Using the material below, repeat exactly the lines from the one with "[00:09][02:44] | 给我一点烛光' |" through the one with "Die Wohnung 3", ends included, without any images.

* _THE DATA_
• • • •

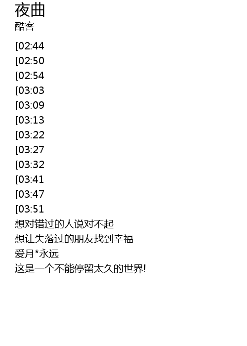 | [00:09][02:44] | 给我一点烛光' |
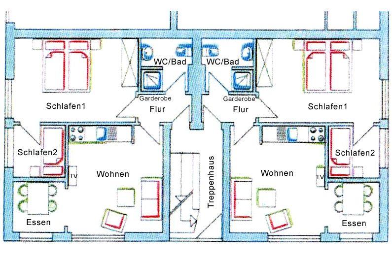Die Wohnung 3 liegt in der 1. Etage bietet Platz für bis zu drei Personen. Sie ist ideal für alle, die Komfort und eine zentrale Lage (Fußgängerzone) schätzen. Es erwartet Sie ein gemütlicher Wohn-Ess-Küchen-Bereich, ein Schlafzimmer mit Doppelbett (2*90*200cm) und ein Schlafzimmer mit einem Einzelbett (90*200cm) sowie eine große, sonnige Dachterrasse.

• • • •

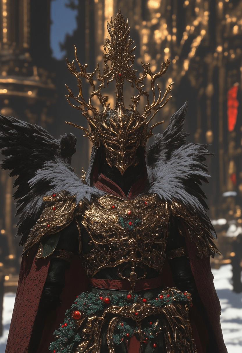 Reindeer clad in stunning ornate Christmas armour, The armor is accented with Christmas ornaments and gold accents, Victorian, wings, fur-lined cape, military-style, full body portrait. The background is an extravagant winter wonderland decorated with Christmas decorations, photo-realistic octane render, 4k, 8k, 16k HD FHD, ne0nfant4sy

• • • •

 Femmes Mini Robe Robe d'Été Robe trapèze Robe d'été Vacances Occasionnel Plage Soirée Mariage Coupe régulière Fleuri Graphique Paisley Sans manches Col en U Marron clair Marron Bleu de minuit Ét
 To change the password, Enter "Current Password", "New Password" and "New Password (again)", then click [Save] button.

• • • •

* _RESPONSE TO THIS TASK_
 | [00:09][02:44] | 给我一点烛光' |
Die Wohnung 3 liegt in der 1. Etage bietet Platz für bis zu drei Personen. Sie ist ideal für alle, die Komfort und eine zentrale Lage (Fußgängerzone) schätzen. Es erwartet Sie ein gemütlicher Wohn-Ess-Küchen-Bereich, ein Schlafzimmer mit Doppelbett (2*90*200cm) und ein Schlafzimmer mit einem Einzelbett (90*200cm) sowie eine große, sonnige Dachterrasse.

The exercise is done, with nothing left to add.